Pictures stay out. Extract the lines below from the first one through the line with "浙江财经大学2023年(上)高教自考实践性环节培训、考核安排", both included.

Collected material.
[Start of Attachment]

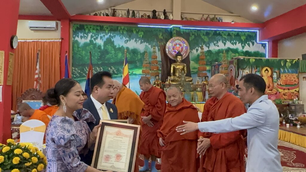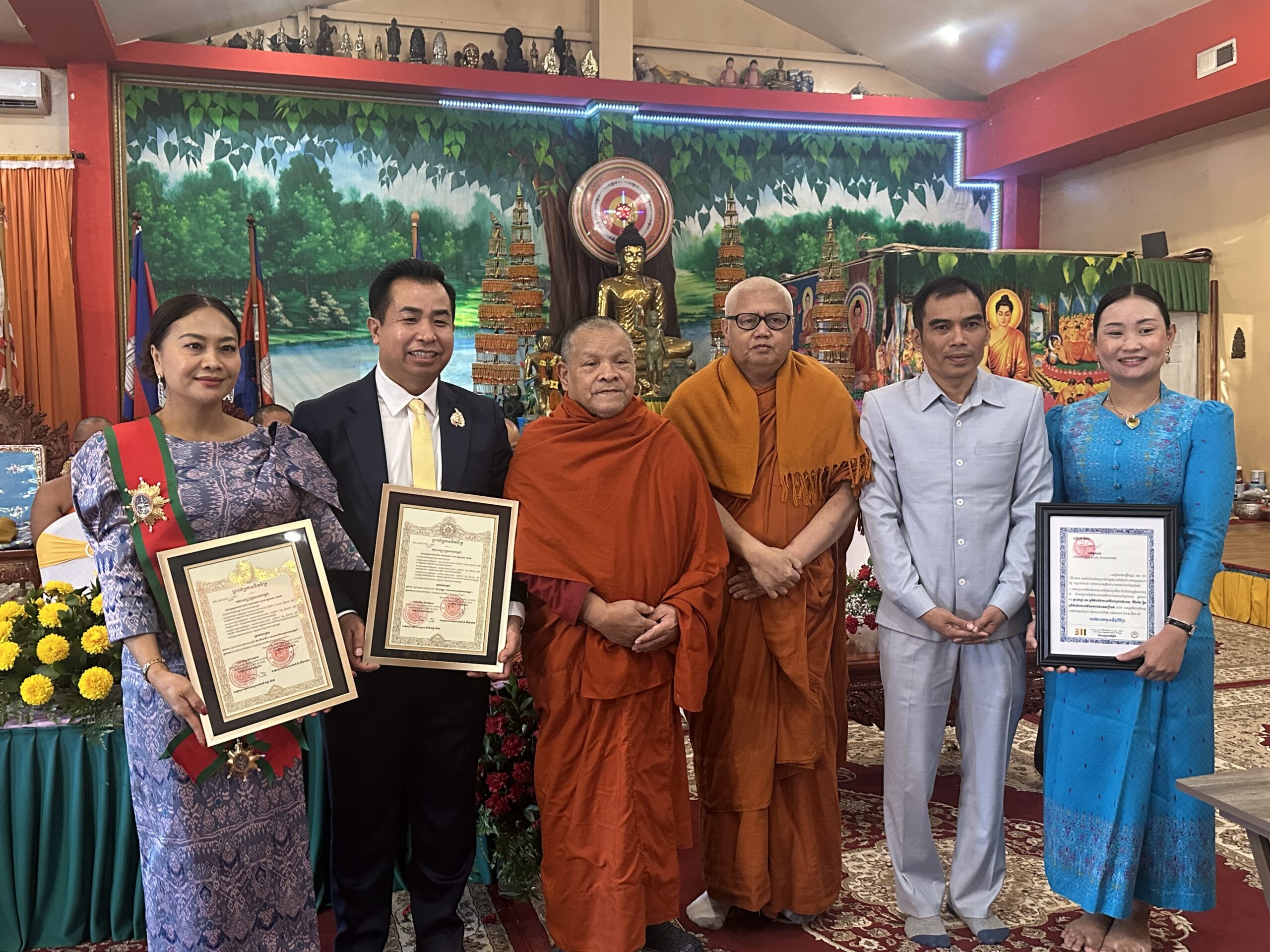 លោក នាក់ សំបូរ ប្រគល់ប្រកាសនីយប័ត្រ ទទួលស្គាល់ពលរដ្ឋខ្មែរអាមេរិកាំង ជាមហាបឧបាសក ពុទ្ធសាសនូបត្ថម្ភក៍
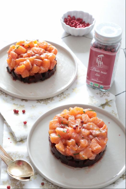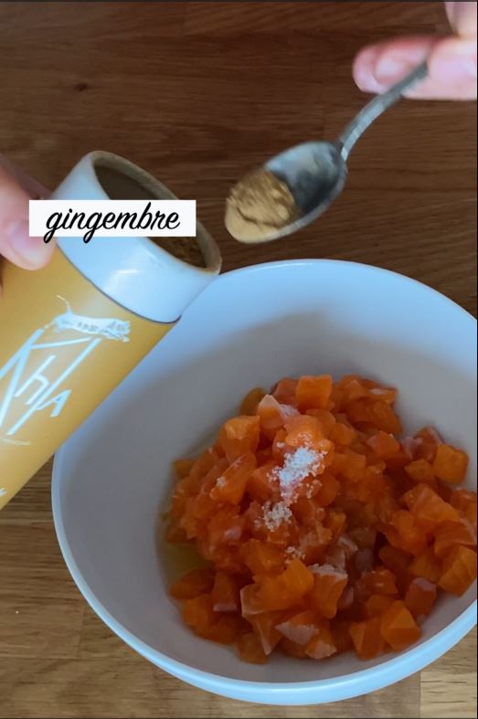 - Rajouter l'huile, le sel, le gingembre et quelques baies roses écrasées au mortier, persil et mélangez.
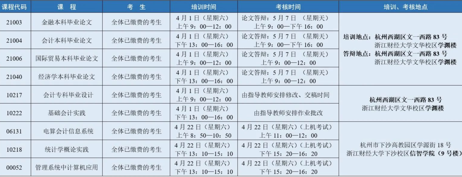 浙江财经大学2023年(上)高教自考实践性环节培训、考核安排
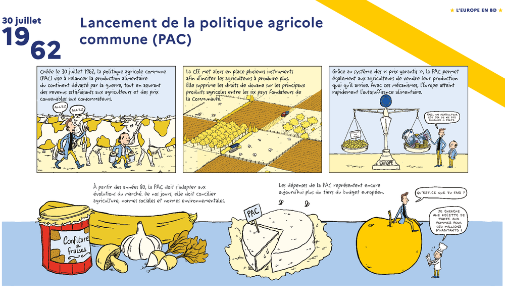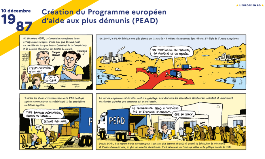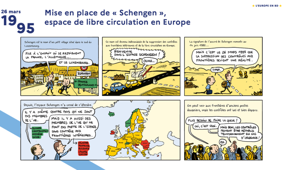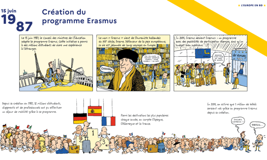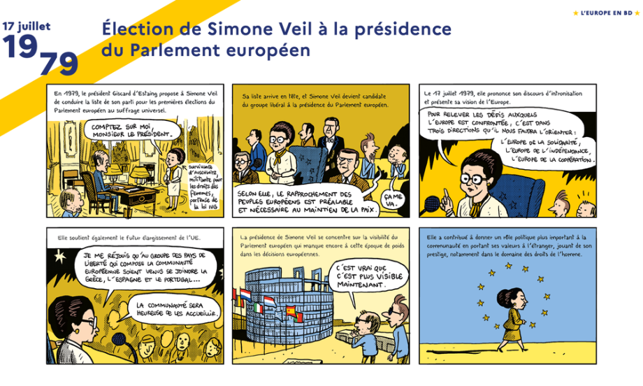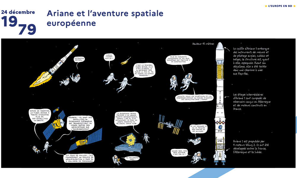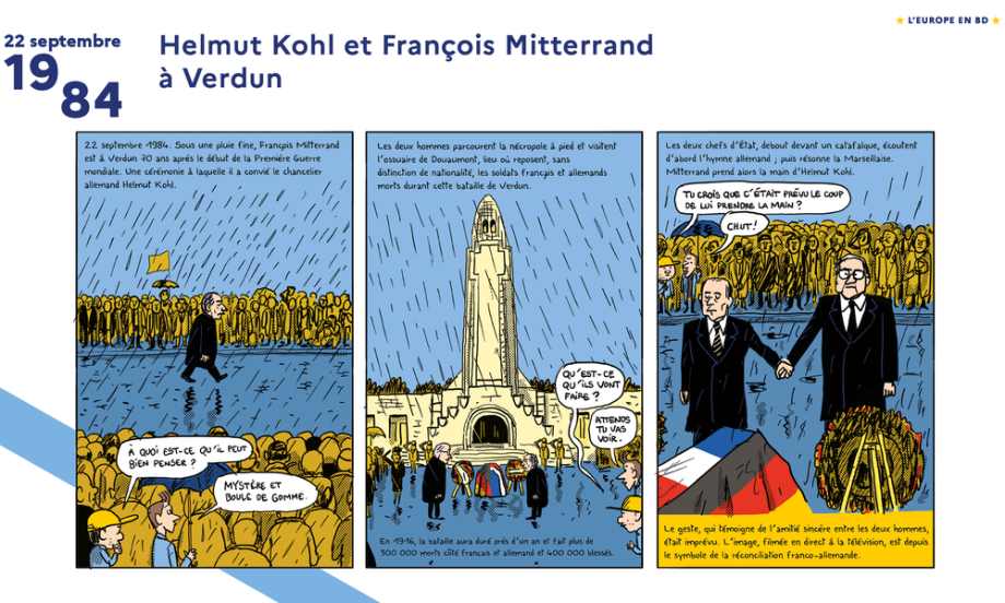 À l’occasion de la présidence française du Conseil de l’Union européenne, le ministère de l’Europe et des Affaires étrangères, en partenariat avec la Cité internationale de la bande dessinée et de l’image, a souhaité retracer l’histoire de la construction européenne en bande dessinée.

[End of Attachment]

Written answer.
 លោក នាក់ សំបូរ ប្រគល់ប្រកាសនីយប័ត្រ ទទួលស្គាល់ពលរដ្ឋខ្មែរអាមេរិកាំង ជាមហាបឧបាសក ពុទ្ធសាសនូបត្ថម្ភក៍
 - Rajouter l'huile, le sel, le gingembre et quelques baies roses écrasées au mortier, persil et mélangez.
 浙江财经大学2023年(上)高教自考实践性环节培训、考核安排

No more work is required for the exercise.